05. Rotary Position Embedding
Rotary Position Embedding (RoPE) encodes absolute position into the rotation angle of query and key vectors. Unlike learned position embeddings, RoPE is position-agnostic and extends to arbitrary sequence lengths.
RoPE applies a rotation matrix to adjacent pairs of dimensions:
RoPE(q_i, i) = R_i @ q_i
RoPE(k_j, j) = R_j @ k_j
The dot product of position-encoded vectors reduces to a function of relative position:
⟨RoPE(q_i), RoPE(k_j)⟩ = ⟨q_i, k_j⟩ rotated by (i-j)θ
import torch
import torch.nn as nn
import math
def precompute_freqs_cis(dim: int, end: int, theta: float = 10000.0):
"""Precompute complex frequency factors for RoPE."""
freqs = 1.0 / (theta ** (torch.arange(0, dim, 2).float() / dim))
positions = torch.arange(end)
# Complex numbers via polar representation: e^(i * position * theta)
freqs = torch.outer(positions, freqs)
return torch.polar(torch.ones_like(freqs), freqs * 2 * math.pi)

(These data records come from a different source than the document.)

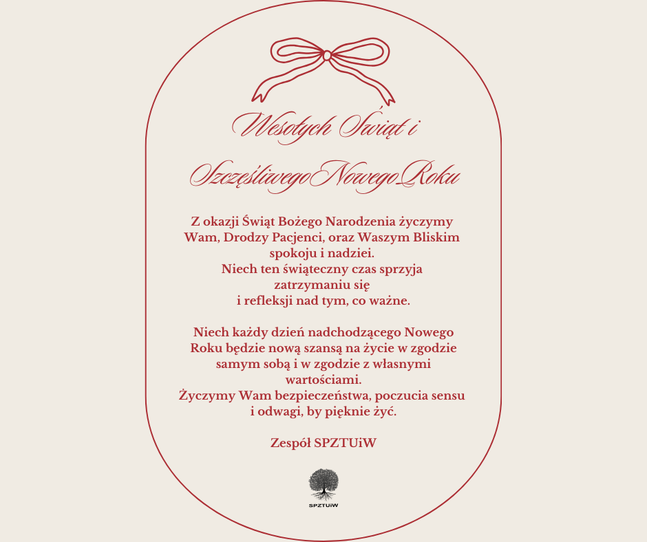 24gru Życzenia Świąteczne i Noworoczne Tagi: nowy rok, psychoterapia, SPZTUiW, święta, życzenia Kategorie: Aktualności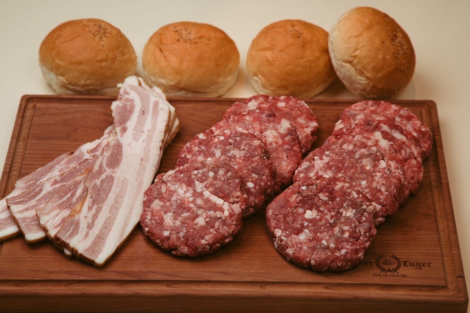 大小2つのハンバーガーセットには、バーガーパテとベーコン、バンズを詰め合わせています。バーガーパテは、熟成肉とフレッシュなチャックアイロールを使用した100%ビーフのオリジナルパテです。ベーコンは、約5㎜の厚さがあり、ベーコンのうま味をじっくり味わえる一品です。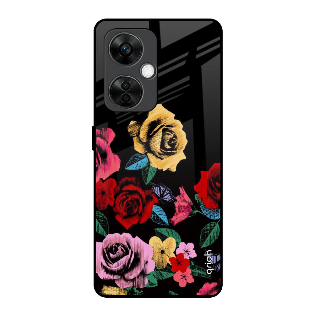 Floral Decorative Glass Case For OnePlus Nord CE 3 5G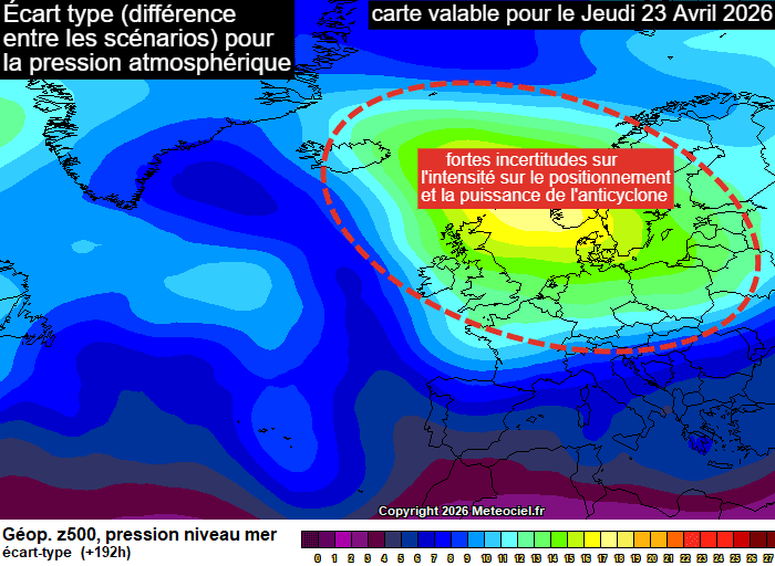 Écart-type (différences entre les scénarios) pour la pression atmosphérique le jeudi 23 avril 2026 - meteociel.fr

def apply_rotary_emb(x: torch.Tensor, freqs_cis: torch.Tensor):
"""Apply rotary embedding to tensor.
x: (batch, heads, seq_len, head_dim)
freqs_cis: (seq_len, head_dim/2) - complex numbers
"""
x_complex = torch.view_as_complex(x.float())
# (batch, heads, seq_len, head_dim/2) - reshape for complex operations
# Reshape freqs_cis to broadcast with x
freqs_cis = freqs_cis.unsqueeze(0).unsqueeze(0) # (1, 1, seq, head/2)
# Apply rotation
x_rotated = x_complex * freqs_cis
# Convert back to real
x_out = torch.view_as_real(x_rotated)
return x_out.flatten(-2).type_as(x)
class RotaryEmbedding(nn.Module):
def __init__(self, dim, max_seq_len=2048, base=10000.0):
super().__init__()
self.dim = dim
self.base = base
self.max_seq_len = max_seq_len
self._freqs_cis = None
def forward(self, seq_len, device):
if self._freqs_cis is None:
self._freqs_cis = precompute_freqs_cis(
self.dim, seq_len, self.base
)
return self._freqs_cis.to(device)
def clear_cache(self):
self._freqs_cis = None
Failure mode: Dimension mismatch. RoPE operates on adjacent pairs of dimensions. If head_dim is not even, the operation fails. Common error: setting d_model=3072 with n_heads=32 gives d_k=96 — divisible by 2, but verify before implementation.
Failure mode: Cache invalidation. If caching frequency computations and then processing longer sequences, you get shape mismatches. Always check that cached freqs match current sequence length.
Implement a Llama-style attention module using RoPE. Apply RoPE to Q and K before attention computation, then verify that the positional encoding is absent from learned embeddings ( embeddings should be plain token embeddings with no positional information).